Those changes are: The roadway that currently bears the State Route 126 designation (called “The Great Stage Road” or “Main Street” through the district) would become one-way eastbound (toward Bristol) from State Route 394 to the intersection of Blountville Boulevard and the Blountville Bypass; and that would mean another route around the district would be designated State Route 126.
There are two possibilities for the “new” stretch of State Route 126: Franklin Drive and the Blountville Bypass. The “preferred route” by designers at this point in the process is Franklin Drive. They cite several reasons for it being the best choice, including it already leads to a direct merger with current State Route 126 west of the historic district, it already has a traffic signal at its intersection with State Route 394, and it is the least expensive to get up to standard to serve as a state route.
But some area residents questioned how the road could handle the additional traffic. Others wanted to know if “Main Street” becomes one-way eastbound, would or could Franklin Drive — if it is designated State Route 126 — become one-way westbound. County officials said that is a possibility if that’s what the community wants.
Another major component of the plan is construction of a roundabout to replace the current traffic signal at the intersection of State Route 126, Blountville Boulevard, and the Blountville Bypass. The traffic circle would serve as the eastern end of the one-way section of “Main Street” and provide a way to divert westbound traffic to either Franlkin Drive (to continue toward State Route 126 and Highway 75) or the Blountville Bypass (to go toward Interstate 81 and Highway 11-W). A new connector road from the roundabout to Franklin Drive would take a portion of the parking lot of the Sullivan County Office Building.
The county’s planning office sent out 75 letters to residents and business owners in the immediate area of the proposed changes to announce the session on Friday.
Some attendees lived farther away but heard about the meeting and came to join the conversation. One of the questions was why the larger community was not notified, and some said the crowd would have been larger but most people have to work during the day.
County Mayor Richard Venable said he will likely plan another session and schedule it in the evening. Planning Director Ambre Torbett said the gathering of public input will continue throughout the summer. And both stressed the design is still in its early conceptual stages.
The issue isn’t new. The Times News published an article about the proposed changes in February 2017.
Torbett initiated the grant process in 2015, and the Tennessee Department of Transportation awarded the $1 million 80/20 grant to the county in 2016. The grant specifically is meant to address pedestrian and bike-friendly access, thus the focus on sidewalks and bike lanes. To add sidewalks to one side of “Main Street,” which has historic structures on both sides often within feet of current pavement, will take up room and right of way. That’s one reason for making the section of roadway one way.
Venable said the work will help make the historic district easier for visitors to navigate on foot, and that hopefully will encourage them to stay longer and see more — and eventually could boost commerce.

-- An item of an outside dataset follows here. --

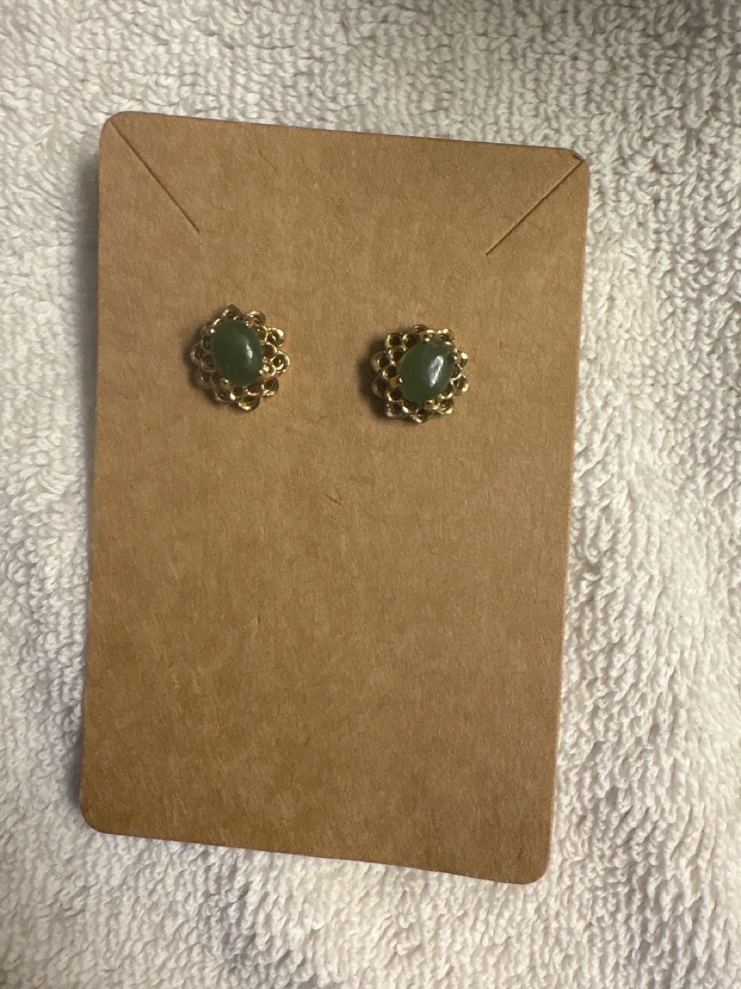 209Cute green stone earrings. Gold-tone metal. Post backings. Great for everyday wear.

The work also will add several crosswalks. Venable has long sought one near the courthouse because there is so much foot traffic throughout the day between the courthouse and the bank across the street.
Sally Blackburn doesn’t live in town, but said she visits the post office — on Franklin Drive — daily and she is opposed to all the proposed changes.
Blackburn said Franklin Drive is heavily trafficked already and she often has to sit in line just to get in the post office parking lot. Blackburn said the county needs to stop thinking it’s going to grow Blountville into any kind of tourist destination and leave that to Jonesborough.
Venable said the main goal of this project is to improve safety and the quality of life for residents of and visitors to the Blountville Historic District.